Single Sign-On with Kerberos

With the Kerberos authentication method you only need to authenticate once: when you log in your operating system. The same credentials will be reused across all your Denodo products. In the particular case of the Data Catalog, the browser is responsible for obtaining your credentials from the system and build a Kerberos ticket that will be used to authenticate you in the Data Catalog. The Data Catalog sends that ticket to the Kerberos authentication server, typically an Active Directory, which is the one that validates the ticket.

To configure Kerberos authentication in the Data Catalog you should proceed as follows:

  1. Configure a service account for Virtual DataPort in the Active Directory of your organization.

  2. Configure a service account for Data Catalog in the Active Directory of your organization, in case the Data Catalog and the Virtual DataPort servers are in different machines.

  3. Indicate a Kerberos realm, if it is different from the one from your domain.

  4. Configure the Kerberos authentication in the Virtual DataPort server you use to connect from the Data Catalog.

  5. Configure the Kerberos authentication in the Data Catalog server.

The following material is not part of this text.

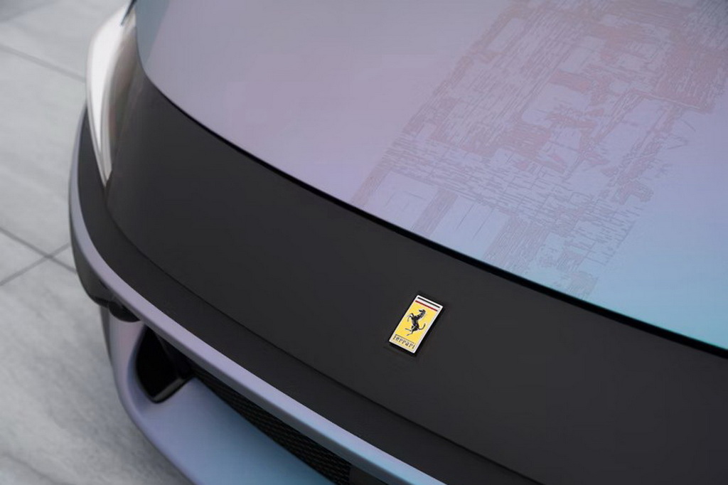 Багаторазова володарка нагород Хенхі Кім застосовує свій характерний напівпрозорий стиль до таких елементів, як емблеми Scuderia Ferrari, кінь, що гарцює, і навіть трансмісійний тунель, створюючи захопливу, казкову атмосферу. Тема доповнюється стриманим використанням білого кольору в окремих елементах інтер’єру та екстер’єру, що є результатом досвіду ТеХон Лі, чиї дослідження в галузі лаку, багатошаровості та трансформації поверхонь лежать в основі таких деталей, як гальмівні супорти та підкермові перемикачі.

  6. Configure Kerberos on your browser.

Note

Since the Kerberos ticket for authentication is automatically generated by the browser, you should take into account the following considerations:

  • The Service Principal Name that identifies the Data Catalog should use HTTP as the service class. For example, HTTP/denodo-prod.subnet.acme.com@ACME.COM.

  • To access the Data Catalog, you should use the Fully Qualified Domain Name of the host, as it is defined in the Service Principal Name. For example, if the Service Principal Name of the Data Catalog is HTTP/denodo-prod.subnet.acme.com@ACME.COM, you should access the Data Catalog through the URL http://denodo-prod.subnet.acme.com:9090/denodo-data-catalog.

If there are several Virtual DataPort servers registered in the Data Catalog, you will see a login page like the one below. You only need to select the server you want to connect to in order to log in the Data Catalog.

Login page for single sign-on with Kerberos in the Data Catalog

Login page for single sign-on with Kerberos in the Data Catalog

If there is only one Virtual DataPort server registered, you will be automatically authenticated in the Data Catalog.